Reputation: 15843
I'd like to use pivot_table
to show an arbitrary value of a column in each cell. For example, given a DataFrame
like this:
df = pd.DataFrame({'x': ['x1', 'x1', 'x2'],
'y': ['a', 'b', 'c']})
To count the values of y
for each value of x
:
df.pivot_table(index='x', values='y', aggfunc=len)
y
x
x1 2
x2 1
So in place of [2, 1]
, I'd like to get ['a', 'c']
or ['b', 'c']
.
I tried these approaches, but all produce errors (notebook):
df.pivot_table(index='x', values='y', aggfunc=sample)
df.pivot_table(index='x', values='y', aggfunc=head)
df.pivot_table(index='x', values='y', aggfunc=lambda x: x[0])
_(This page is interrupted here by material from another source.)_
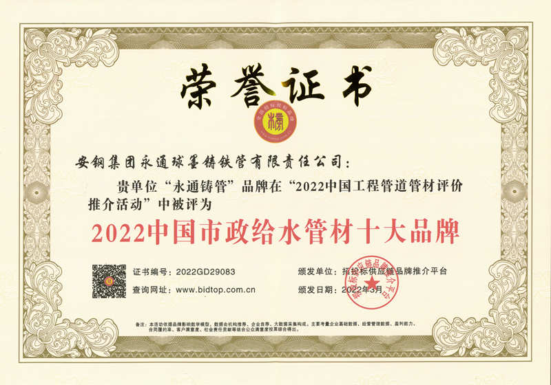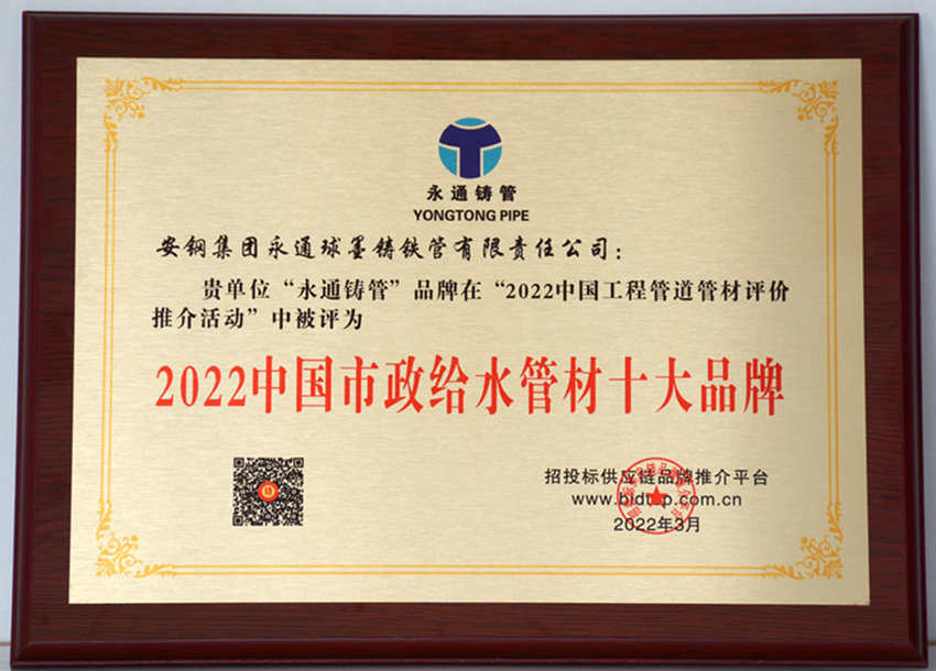 《安鋼》訊 4月11日,永通公司傳來喜訊,“永通鑄管”品牌在“2022中國工程管道管材評(píng)價(jià)推介活動(dòng)”中斬獲“2022中國市政給水管材”、“2022政府采購工程管材”兩個(gè)重量級(jí)獎(jiǎng)項(xiàng)。

Per https://stackoverflow.com/a/38982172/1840471, an alternative is using groupby
and agg
, and this produces the desired result in this case:
df.groupby(['x']).y.agg('head')
However, I'm looking to use pivot_table
because my full use case involves getting values in rows and columns.
Upvotes: 1
Views: 981
Reputation: 25259
How about using first
as follows:
df.pivot_table(index='x', values='y', aggfunc='first')
Out[67]:
y
x
x1 a
x2 c
Upvotes: 1